• frank
    14.6k
    Then using those to define "Jewish race" rather than finding "Jewish race" as a category rooted in biological difference from "Aryan race"; such a distinction does not identify human population with a distinct character driven by biological differences.fdrake

    I don't think Madfool suggested otherwise. He just said racism is related to our ability to place meaning on distinctions. Ashkenazi Jews lived in their own communities. They dressed differently. They spoke Yiddish. Differences were obvious. What difference does it make to Madfool's point if the differences were biological or not?

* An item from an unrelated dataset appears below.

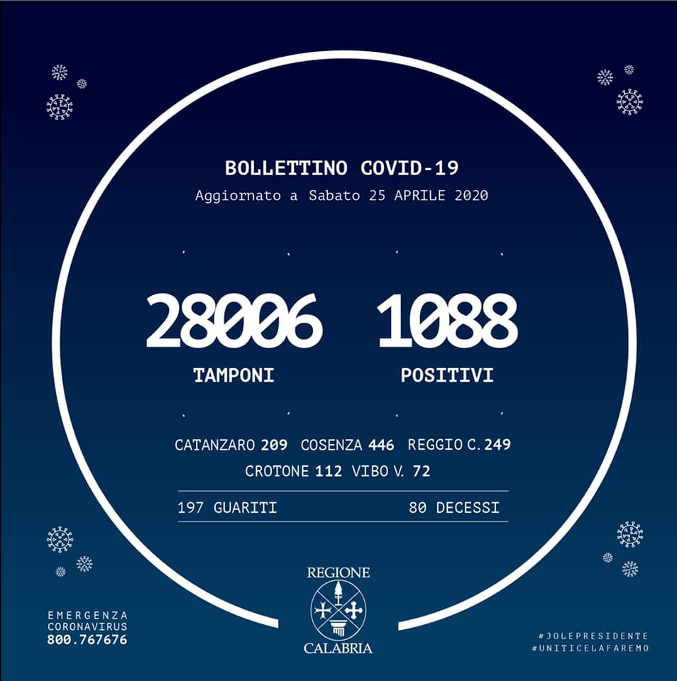 (108) In Calabria ad oggi sono stati effettuati 28.006 tamponi. Le persone risultate positive al Coronavirus sono 1.088 (+9 rispetto a ieri), quelle negative sono 26.918.

    And what the fuck is it that doesn't arise from our biology? Racism doesn't come from outer space. It comes from us. It's part of our potential. Biology is the bedrock for everything we are. Why is this confusing to anyone?
  • fdrake
    5.9k
    Why is this confusing to anyone?frank

    Will ask you a similar question: what makes an Aryan an Aryan and a Jew a Jew?
  • frank
    14.6k
    Will ask you a similar question: what makes an Aryan an Aryan and a Jew a Jew?fdrake

    Circumstances of birth. So?
  • fdrake
    5.9k
    Circumstances of birthfrank

    What're the circumstances of birth that make them distinguished?
  • frank
    14.6k
    What're the circumstances of birth that make them distinguished?fdrake

    Jews are born to Jews. Aryans to Aryans. Again: if your point is that race isn't biological, though true, that's irrelevant to Madfool's point.
  • fdrake
    5.9k
    Jews are born to Jews. Aryans to Aryansfrank

    And the child of an Aryan and a Jew?

    Again: if your point is that race isn't biological, though true, that's irrelevant to Madfool's point.frank

    It rather is, it's about what we're attributing causal power; stuff that drives distinctions; to.
  • frank
    14.6k
    And the child of an Aryan and a Jew?fdrake

    I don't know if the Nazis got around to making a law about that. They would probably say the offspring is Jewish.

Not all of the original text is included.